### PROBLEM DETAILS
Using the data below, restate exactly every line from the one with "10:00 Uhr in" up to and including the one with "新华社记者 姚琪琳 摄". No picture belongs in it.

### MATERIAL PROVIDED

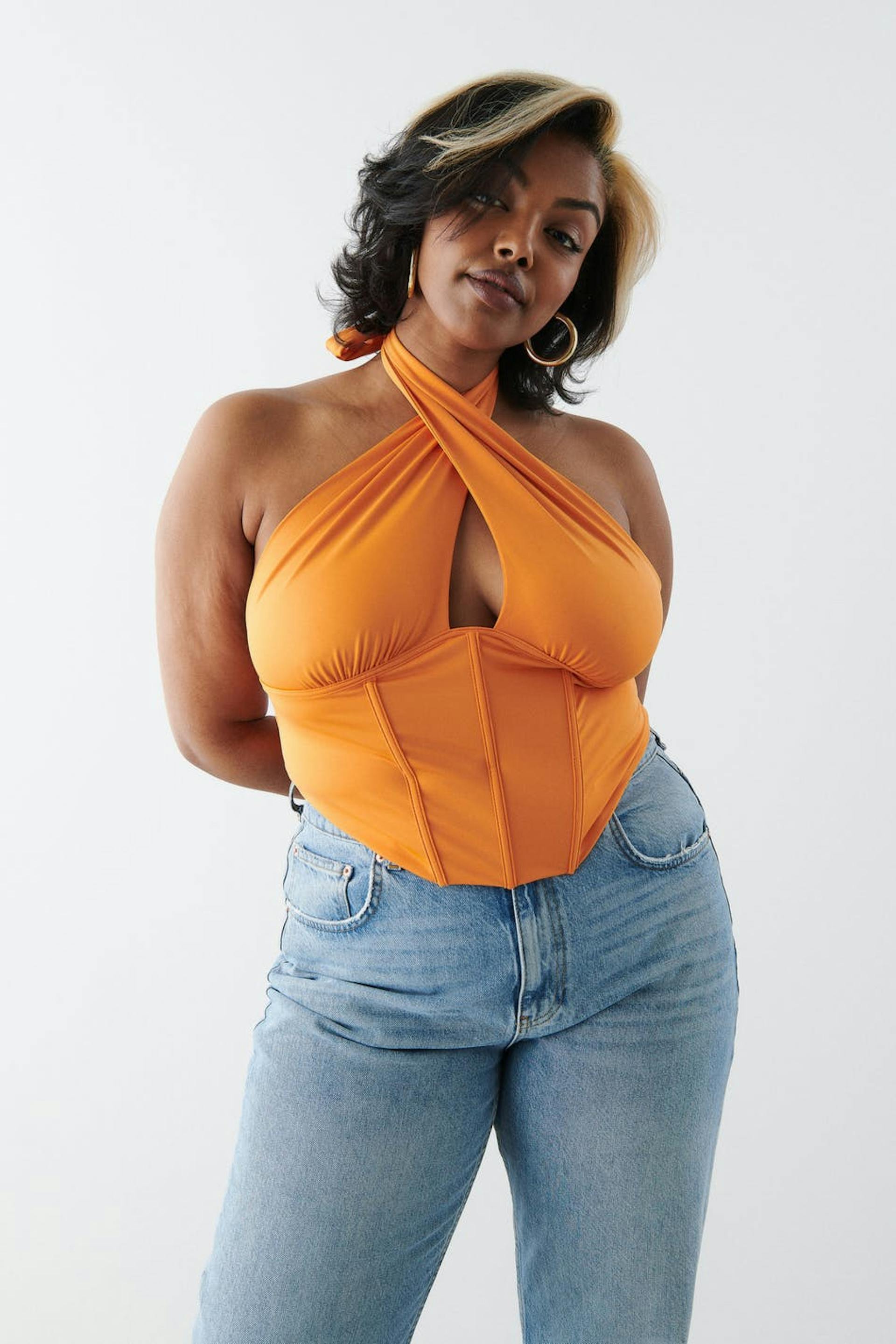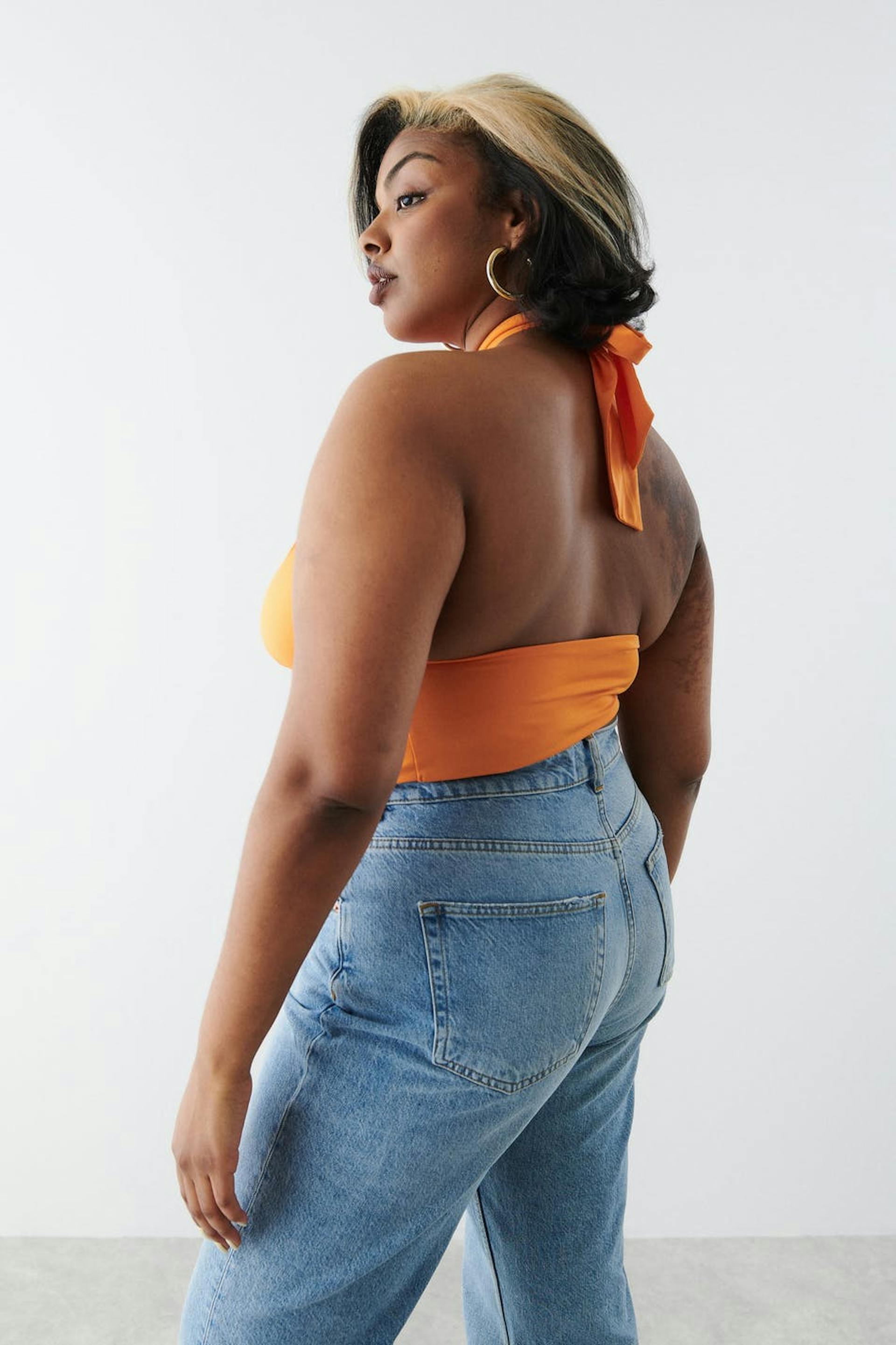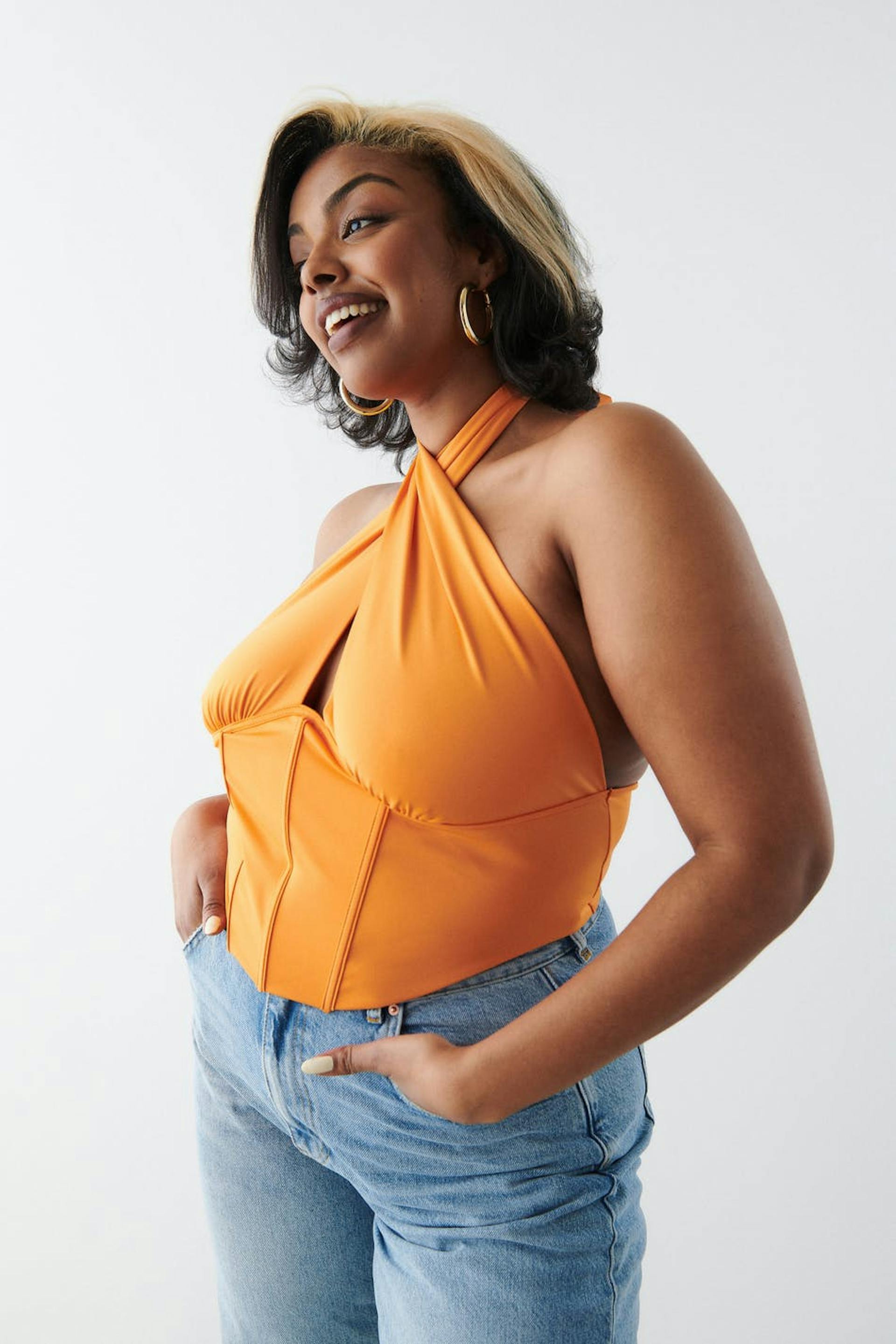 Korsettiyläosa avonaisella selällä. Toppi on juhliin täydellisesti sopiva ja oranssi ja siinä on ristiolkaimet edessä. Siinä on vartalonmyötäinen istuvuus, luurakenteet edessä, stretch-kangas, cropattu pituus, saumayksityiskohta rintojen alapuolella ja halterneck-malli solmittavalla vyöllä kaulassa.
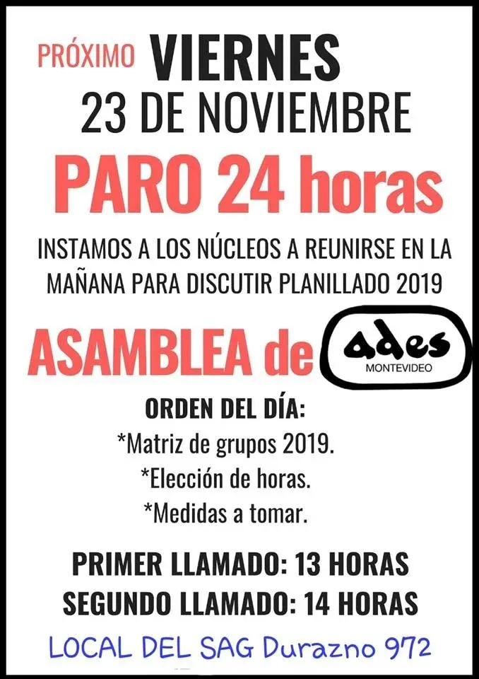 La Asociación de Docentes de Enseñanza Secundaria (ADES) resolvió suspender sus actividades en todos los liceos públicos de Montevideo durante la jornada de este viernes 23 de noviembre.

--

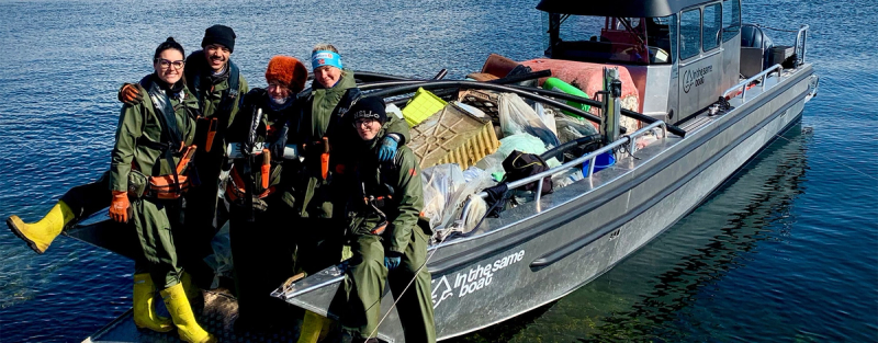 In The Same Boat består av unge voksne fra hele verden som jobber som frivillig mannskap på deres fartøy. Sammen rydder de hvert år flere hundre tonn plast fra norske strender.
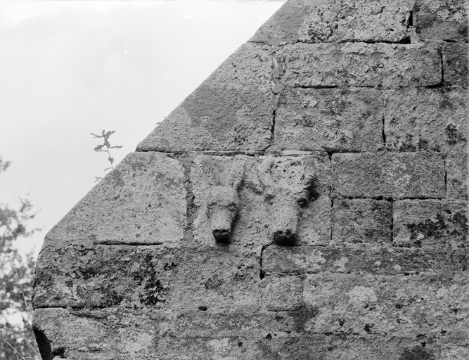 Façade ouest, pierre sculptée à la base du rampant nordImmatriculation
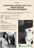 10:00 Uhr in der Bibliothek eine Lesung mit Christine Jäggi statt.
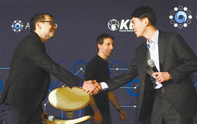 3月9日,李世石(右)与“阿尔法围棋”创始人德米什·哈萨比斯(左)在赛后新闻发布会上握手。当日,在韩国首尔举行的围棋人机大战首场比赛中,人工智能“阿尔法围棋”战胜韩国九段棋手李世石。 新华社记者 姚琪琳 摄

### OUTPUT FOR THIS EXERCISE
 10:00 Uhr in der Bibliothek eine Lesung mit Christine Jäggi statt.
 3月9日,李世石(右)与“阿尔法围棋”创始人德米什·哈萨比斯(左)在赛后新闻发布会上握手。当日,在韩国首尔举行的围棋人机大战首场比赛中,人工智能“阿尔法围棋”战胜韩国九段棋手李世石。 新华社记者 姚琪琳 摄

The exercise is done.